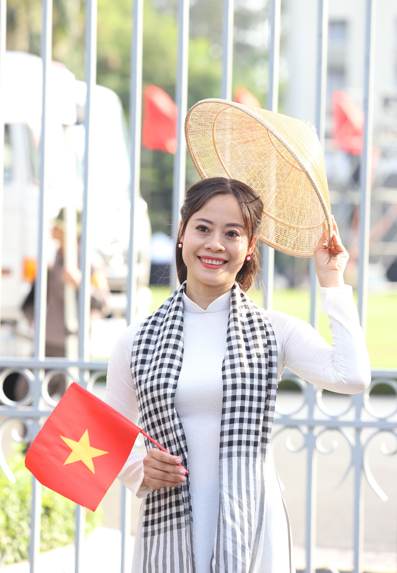 | Bạn Vũ Thị Thùy Trang (giáo viên tại Trường tiểu học Phước Tân 2, TP.Biên Hòa, Đồng Nai) cho biết, đây là lần đầu tiên mặc áo dài đến Dinh Độc Lập chụp ảnh, trong tâm thế hướng đến ngày lễ lớn của đất nước. |
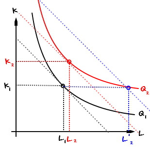 the iso-cost line passing through $(L'_{2},\quad K_{1})$
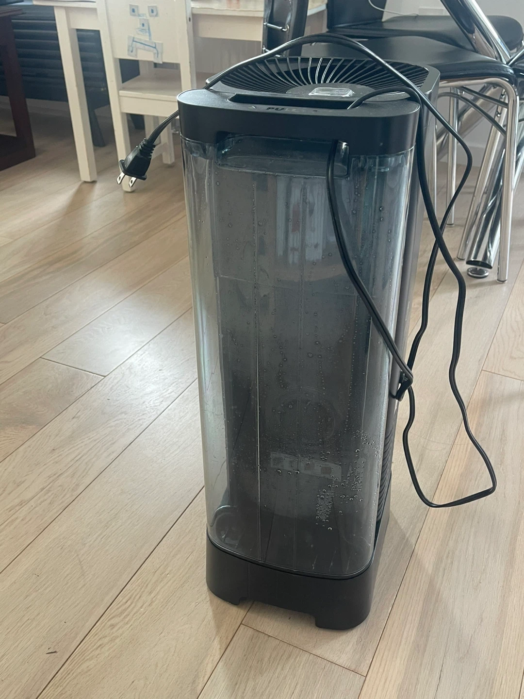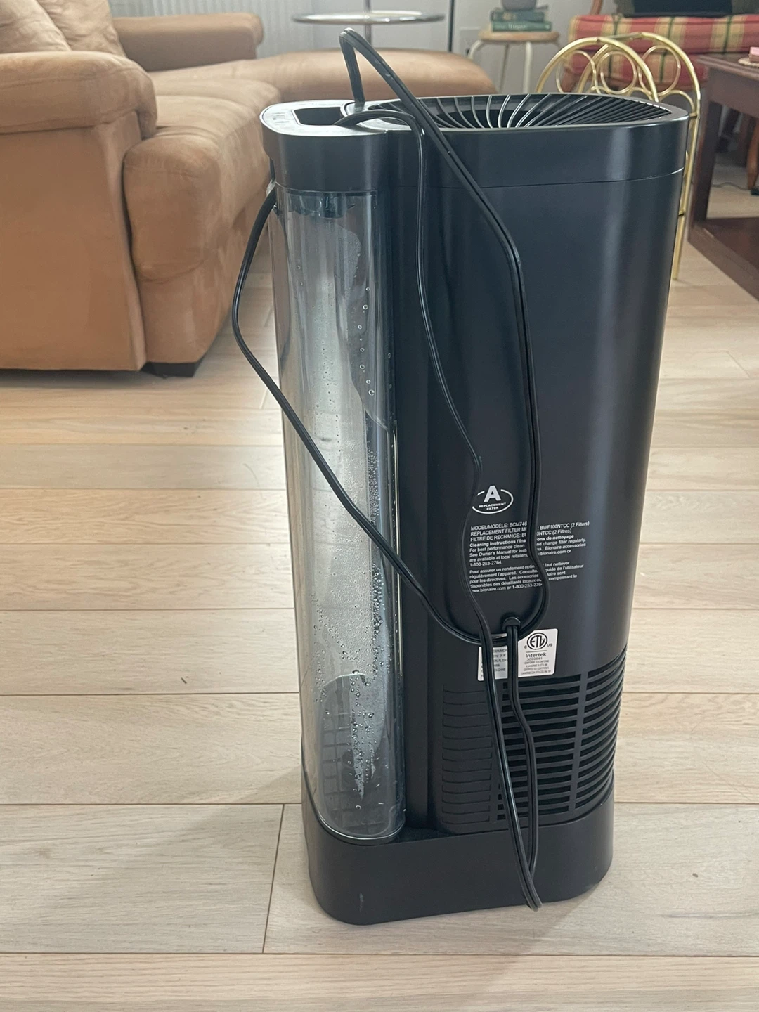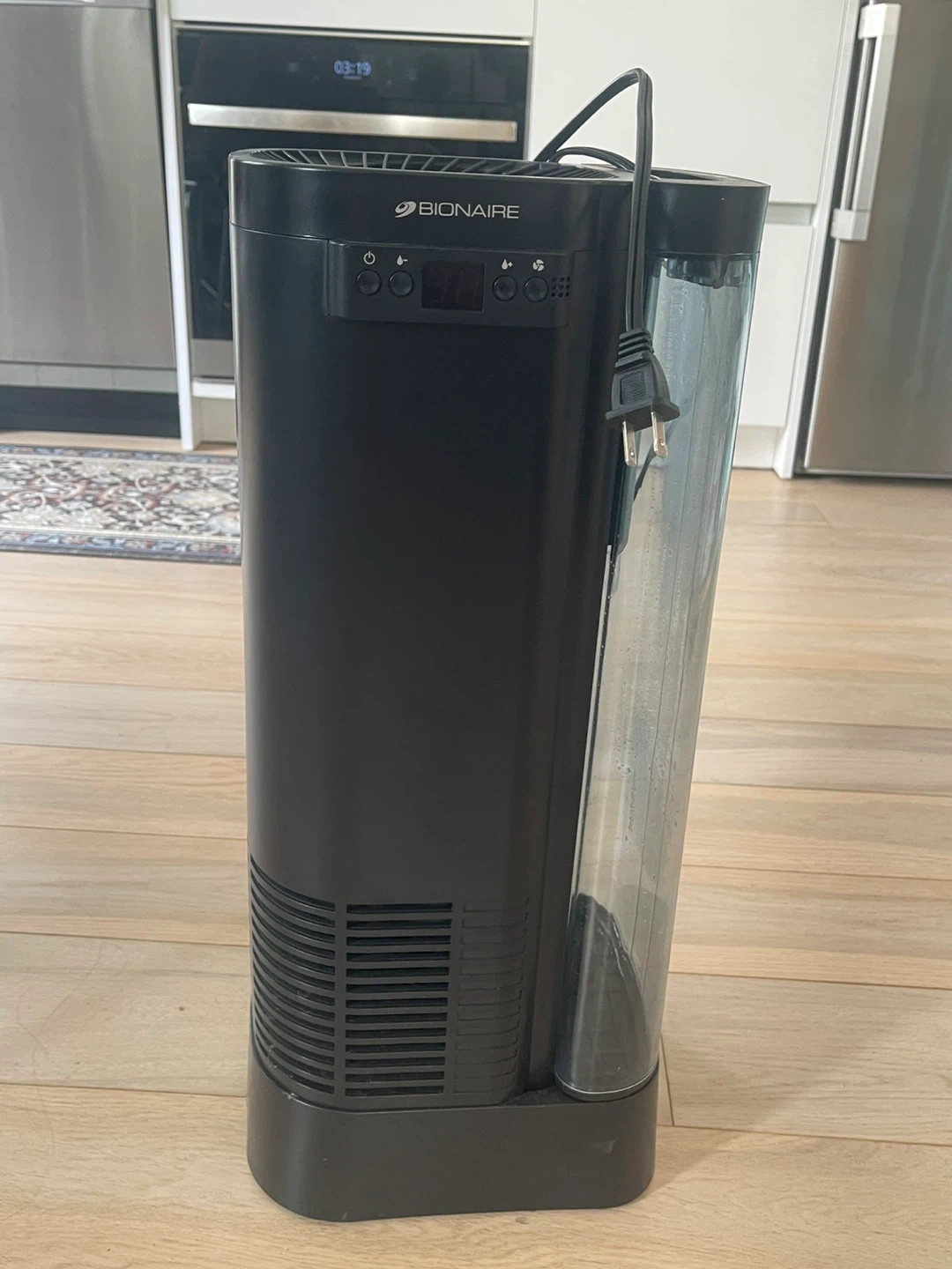 This Bionaire air purifier features multiple fan speeds and a tower design. It has a clear water tank. Works great for freshening up a room!

--- ASSIGNMENT ---
Could you write out exactly the lines running from the one with "the iso-cost line" through the last line of the data above, both ends kept, and omit any picture?

--- SOLUTION TO THE PROBLEM ---
 the iso-cost line passing through $(L'_{2},\quad K_{1})$
 This Bionaire air purifier features multiple fan speeds and a tower design. It has a clear water tank. Works great for freshening up a room!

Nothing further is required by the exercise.